Gold halts slide after market rout triggered margin-call selling
Gold steadied after being pulled into Monday’s global rout, when it slumped as some traders cut holdings to cover potential margin calls.
Spot bullion plunged as much as 3.2% in the previous session, the biggest intraday drop since early June, before paring losses. Prices traded in a daily range of more than $90 as shares and commodities tumbled.
With equity markets expected to encounter further volatility even as most shares climbed in Asia on Tuesday, gold is expected to attract fresh buyers. While the metal is traditionally regarded as a haven, it’s common for prices to retreat at times of intense market dislocation, only to rebound afterward.
“Long-gold positions now offer portfolios the greatest hedging value across commodities,” Goldman Sachs Group Inc. analysts including Daan Struyven said in note, sticking with a forecast for the metal to rally to $2 700 an ounce in 2025. Bullion can be a buffer against geopolitical shocks including wars, trade tariffs, and US sovereign-debt fears, they said.
Gold is still up by about 17% so far this year after hitting an all-time high in July, mainly supported by bets the Federal Reserve will pivot to monetary easing. Lower borrowing costs are positive for bullion as it doesn’t pay interest.
Concerns the US economy is sliding into recession saw swaps traders price in at least five quarter-point Fed cuts in 2024, with about 16% probability for an emergency reduction before its next scheduled meeting wraps on Sept. 18.
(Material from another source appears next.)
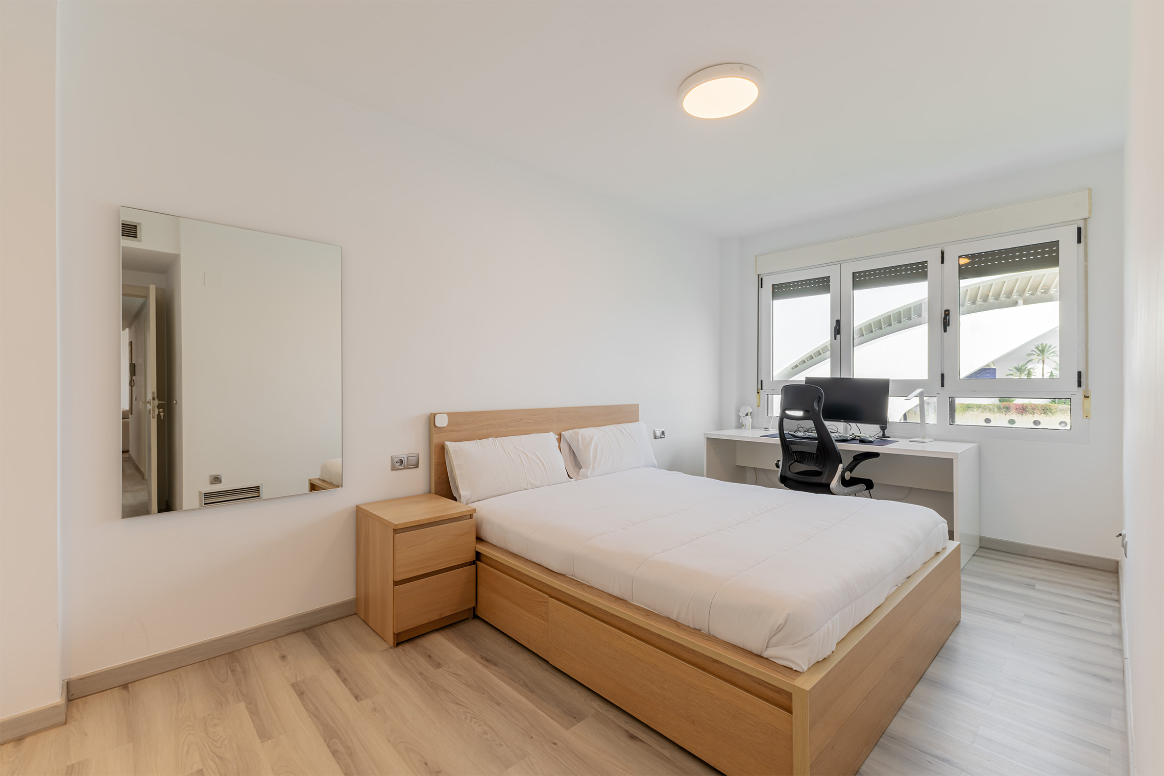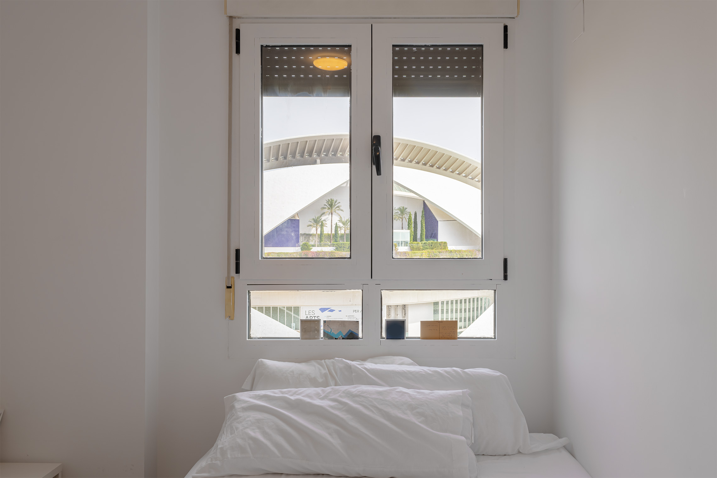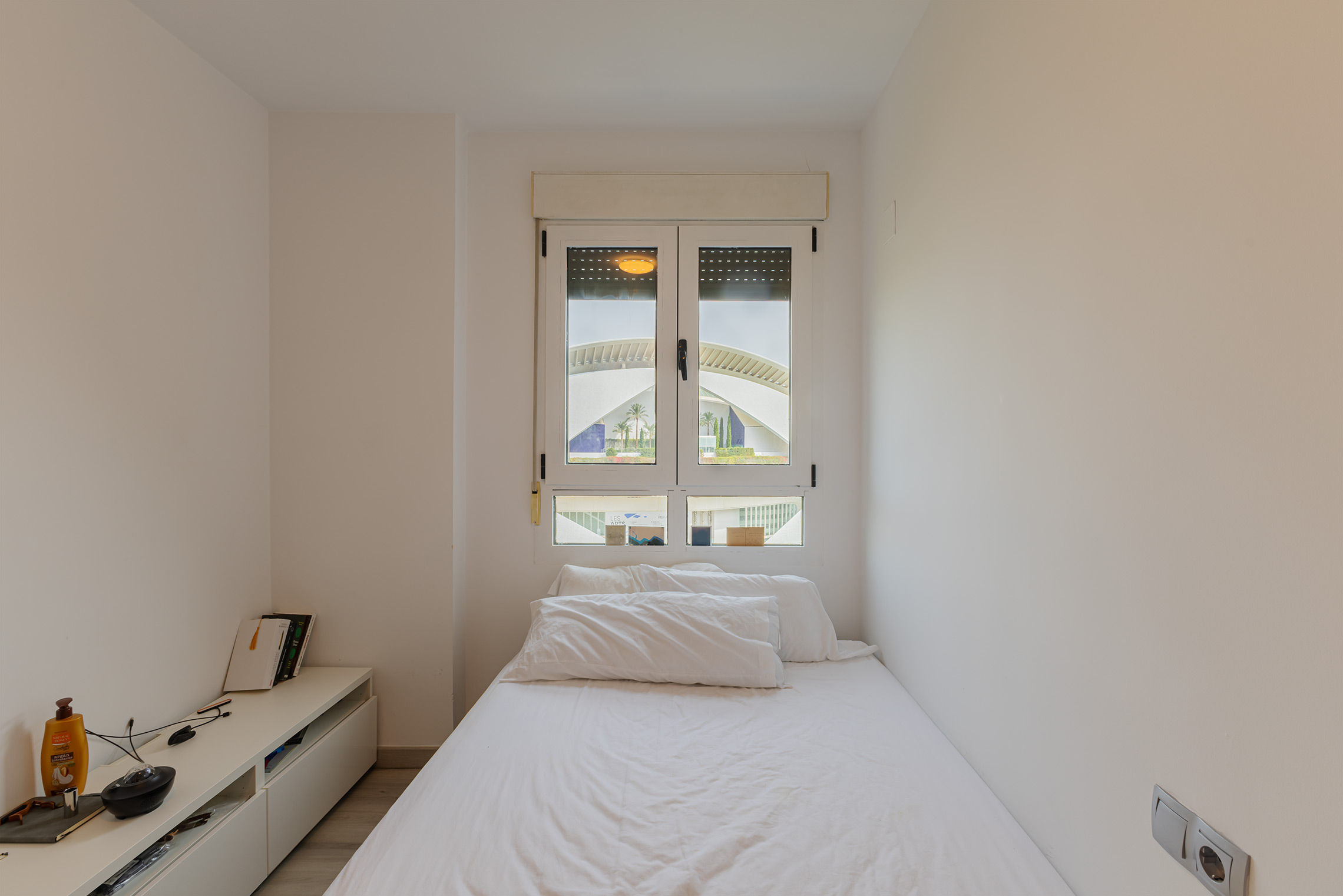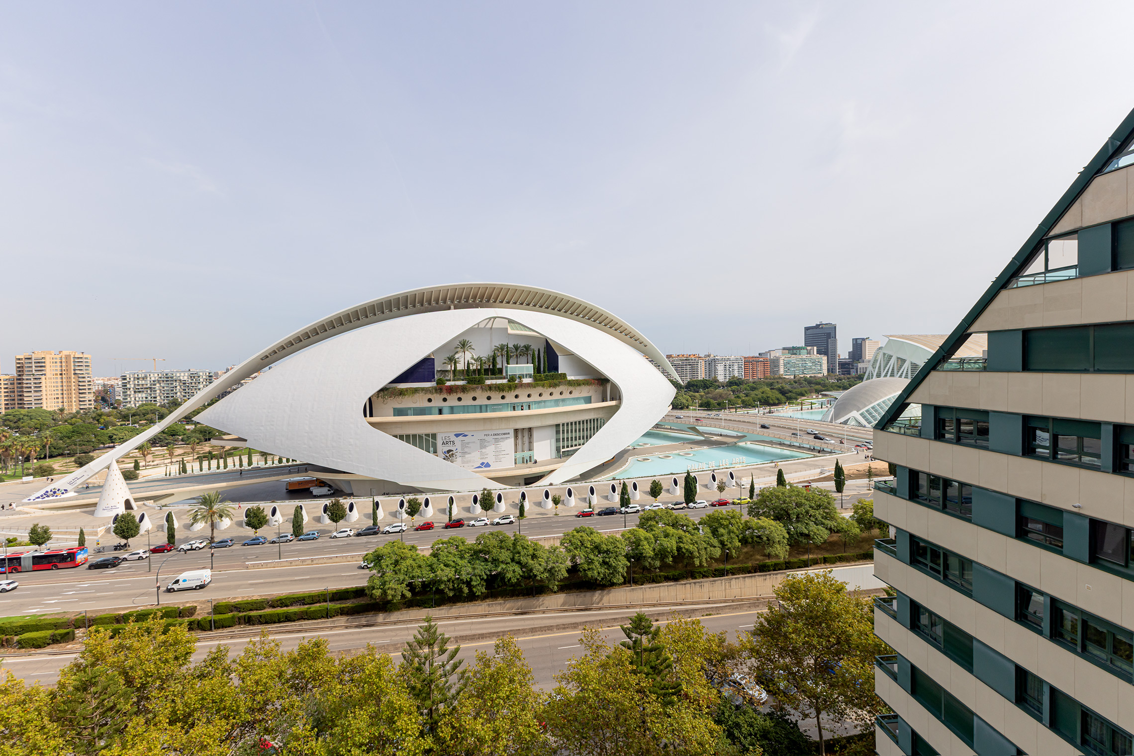 Dit lichte appartement ligt op de tiende verdieping van een gebouw uit 1999, in een van de modernste en meest gewilde wijken van Valencia, met uitzicht op de Turia-tuinen en direct uitzicht op de Stad van Kunst en Wetenschap. Het maakt deel uit van een complex dat eersteklas voorzieningen en een onovertroffen locatie biedt.

Bullion has also been aided by increased purchases by central banks and Asian consumers. Rising geopolitical tensions in the Middle East — with Israel bracing for an attack from Iran and regional militias — have also supported prices.
Spot gold was little changed at $2 414.39 an ounce by 9:18 a.m. in Singapore. The Bloomberg Dollar Spot Index edged higher after Monday’s 0.3% decline. Silver gained 0.7% in the wake of its 4.5% tumble, while platinum and palladium rose.